Let's analyze the problem step by step.

The dartboard has 10 slices, each numbered from 1 to 10. Some are grey and some are white.

Question (a)

We need to find the probability that the dart lands on number 2.

Since there are 10 equally likely slices, the probability of landing on any specific number is: $\frac{1}{10}$

So, the probability that the dart lands on number 2 is: $\frac{1}{10}$

Question (b)

Now, we need to determine the probability that the dart lands on number 2, given that it lands on a white slice.

1. Identify White Slices: From the image, let's count the white slices.

   • The white slices appear to be numbered: 1, 2, 4, 5, 7 (5 slices total).

2. Conditional Probability Calculation: We are looking for the probability that the dart lands on number 2, given that it lands on a white slice.

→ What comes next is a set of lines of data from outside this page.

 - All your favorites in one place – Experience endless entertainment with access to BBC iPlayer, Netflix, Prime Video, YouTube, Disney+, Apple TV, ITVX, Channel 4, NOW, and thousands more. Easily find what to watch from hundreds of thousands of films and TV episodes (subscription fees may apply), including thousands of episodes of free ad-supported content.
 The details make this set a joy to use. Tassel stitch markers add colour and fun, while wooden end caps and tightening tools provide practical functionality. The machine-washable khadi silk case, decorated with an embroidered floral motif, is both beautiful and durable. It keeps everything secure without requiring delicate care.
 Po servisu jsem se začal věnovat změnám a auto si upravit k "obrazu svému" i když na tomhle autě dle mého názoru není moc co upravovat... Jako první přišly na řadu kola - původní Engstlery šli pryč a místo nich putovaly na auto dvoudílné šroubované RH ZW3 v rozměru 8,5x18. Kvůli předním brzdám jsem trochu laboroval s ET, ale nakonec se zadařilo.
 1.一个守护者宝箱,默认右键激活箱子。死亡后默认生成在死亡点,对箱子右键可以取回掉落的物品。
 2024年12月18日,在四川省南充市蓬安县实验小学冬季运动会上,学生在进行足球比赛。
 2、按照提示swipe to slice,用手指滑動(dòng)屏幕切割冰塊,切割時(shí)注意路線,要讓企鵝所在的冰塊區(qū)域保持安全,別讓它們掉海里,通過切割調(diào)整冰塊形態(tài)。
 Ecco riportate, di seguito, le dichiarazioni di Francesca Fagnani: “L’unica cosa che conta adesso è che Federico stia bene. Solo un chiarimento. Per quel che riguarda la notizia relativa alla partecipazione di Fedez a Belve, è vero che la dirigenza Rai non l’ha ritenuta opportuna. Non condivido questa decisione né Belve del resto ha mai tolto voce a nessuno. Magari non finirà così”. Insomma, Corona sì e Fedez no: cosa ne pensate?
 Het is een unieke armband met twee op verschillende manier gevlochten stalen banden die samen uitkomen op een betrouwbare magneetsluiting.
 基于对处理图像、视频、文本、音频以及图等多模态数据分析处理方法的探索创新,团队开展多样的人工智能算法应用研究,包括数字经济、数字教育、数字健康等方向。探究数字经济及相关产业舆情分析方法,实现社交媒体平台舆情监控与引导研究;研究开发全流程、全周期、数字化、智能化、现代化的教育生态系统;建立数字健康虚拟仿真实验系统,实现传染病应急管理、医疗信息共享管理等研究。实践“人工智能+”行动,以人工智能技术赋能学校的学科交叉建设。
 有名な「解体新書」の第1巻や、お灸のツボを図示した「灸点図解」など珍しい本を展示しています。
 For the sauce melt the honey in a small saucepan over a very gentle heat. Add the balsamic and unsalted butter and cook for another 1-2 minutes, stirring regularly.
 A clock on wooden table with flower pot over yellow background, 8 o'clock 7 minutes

   Out of the 5 white slices, only one of them is number 2. Thus, the conditional probability is: $\frac{1}{5}$

Final Answers

• (a) Probability of landing on number 2: $\frac{1}{10}$
• (b) Probability of landing on number 2 given that it lands on a white slice: $\frac{1}{5}$

Would you like a further breakdown of these steps?

Additional Questions

1. How would the probabilities change if the dartboard had only 8 slices instead of 10?
2. What is the probability that the dart lands on a grey slice?
3. How would we calculate the probability of landing on an even-numbered slice?
4. If slice 2 was removed, what would be the probability of landing on slice 5?
5. Can you think of a way to generalize these probability problems to any number of slices?

Tip: In probability, always identify the total possible outcomes first, as this forms the basis of the probability fraction.